Eventually they are going to have to address the constitutional conflict at hand:

Freedom of Religion vs. Equality as defined by contemporary culture.

For many people they take on faith that homosexuality is a sin and marriage should be a sacrament shared between willing adult heterosexuals, monogamously.

There a people who disagree with that view. But the law protects their right to have that view, and worship in a manner that perpetuates that view.

Marriage as an institution of the state challenges the sacred status of the institution by trumping the standards on which it's based. I'm not saying it's wrong, I don't have to, I'm just saying a state construct that is being given the title and significance of a religious one creates a constitutional conflict if it causes bias, ill will, or legal conflicts for a religious group that by basis of faith discriminates in who it marries. To my knowledge no such suit has been filed against a religious organization, and hopefully it never will.

It bugs me that a lot of this is symbolic (and a lot money). Spouses get equal protection under the law as far as professional benefits and that's one of the issues. On the other hand, if it were a Civil Union, it loses that defiant "I have the same rights as you cause I'm MARRIED" appeal, that I think is couched in the rhetoric. People try to unhinge marriage as being a religious practice solely, which has some reasoning behind it, but still there is a strong sentiment derived from it being a symbolic victory of human actualization that the tradition of marriage and label is given to a homosexual couple.

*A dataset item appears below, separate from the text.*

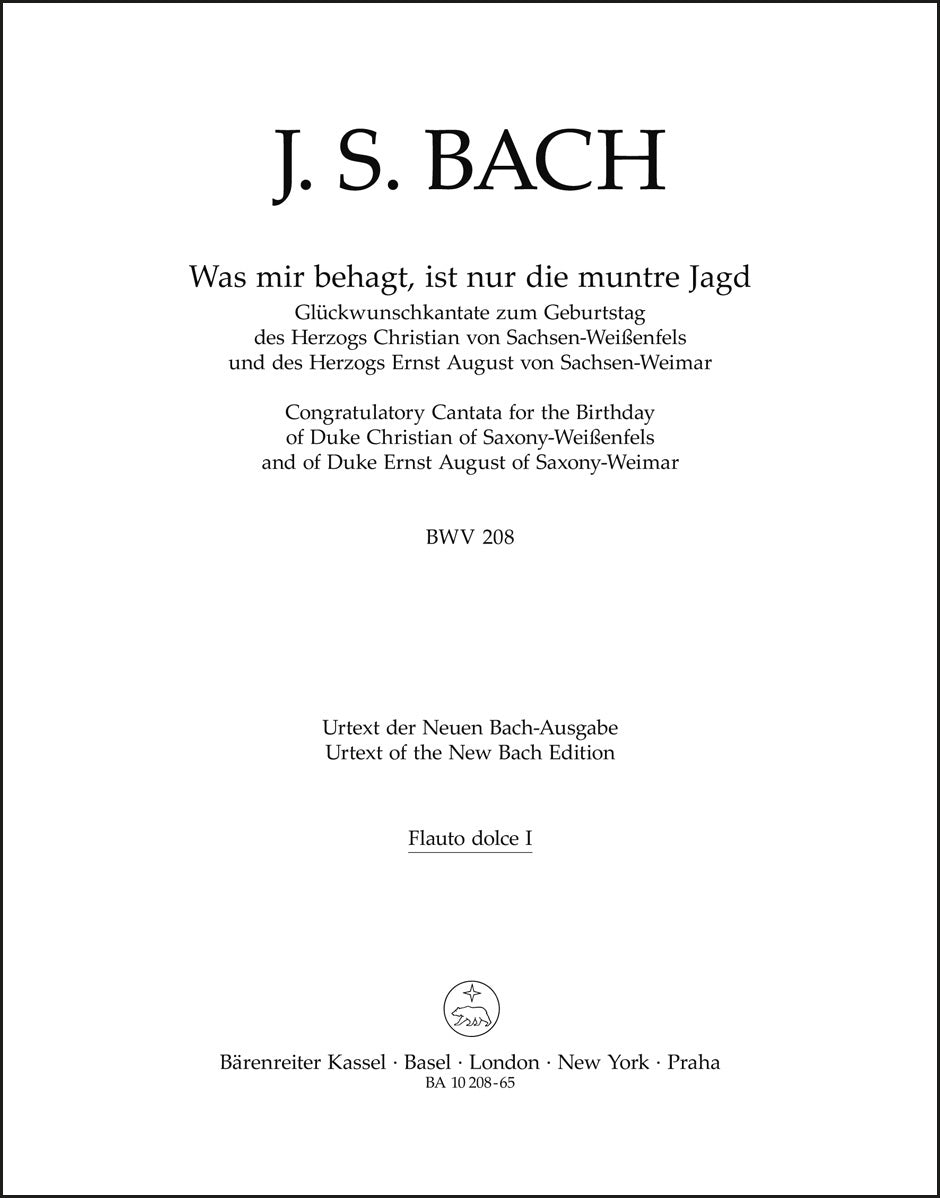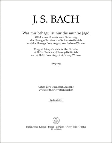 **Title**: Was mir behagt, ist nur die muntre Jagd BWV 208 | **Subtitle**: Congratulatory Cantata for the Birthday of Duke Christian of Saxony-Weißenfels and of Duke Ernst August of Saxony-Weimar | **Composer / Author**: Bach, Johann Sebastian | **Editor**: Dürr, Alfred | **Edition Type**: Wind set, Urtext edition | **Scoring/ Instrumentation**: Treble recorders (2), Oboes da caccia (2), Bassoon, Cornos da caccia (2) | **Binding**: Stapled | **Duration**: 00:38:00 | **Weight**: 128.0 g | **Format**: 32,5 x 25,5 cm | **Pages**: 3/3/4/4/4/4/4 S. | **Language**: EN | Sample: https://data.baerenreiter.com/NB/BA/BA10208_65_9790006491780_nb_lrg_01.jpg

I say, treat it like we do immigrants if you want legal rights, but want to take the religious taint off of it. Use a title other than Marriage, get your rights and protections under the law, and embrace what you have. Otherwise cop to it being a symbolic and semantic battle that tips the scales as far as passion is concerned and reap the bitter grapes of wraith.

An immigrant can fight in wars, but never be president, they can be a citizen, but some rights we have are only privileges for them.

I feel that way because separate but equal is alive and well right now. I live it in my city, where municipalities are stratified by Race and class, in some cases to the point of exclusivity. It's done across ethic lines just as well, but no one makes an issue, because where they are and how they live is enough for them, and it's those who want breach their self imposed limitations that have the issue. Those people are in the minority among minorities, but often they are the ones fired up.

I had a friend who was Catholic, and left the church because he didn't like that non-catholics couldn't take communion, and his GF couldn't be a priest. So he sought a similar yet different church to join. Do people want to be right or happy?

Also, being black, with some native american ancestry that no one cares about, I have not and will never accept Sexual Orientation as an analog to perceived race. My sexual actions, or lack there of, is personal and private. My orientation straight, but it has no baring on my behavior because I'm not sexual publicly. Racially, I'm always Black. It's like me being freakishly tall, there's nothing I can do about it. I'm a fan of being discrete. Being homosexual doesn't mean a person has to project their sexuality to the public to feel validated, any more than it's the case with a hetero. Get a room. I guess I can wear a mask and gloves?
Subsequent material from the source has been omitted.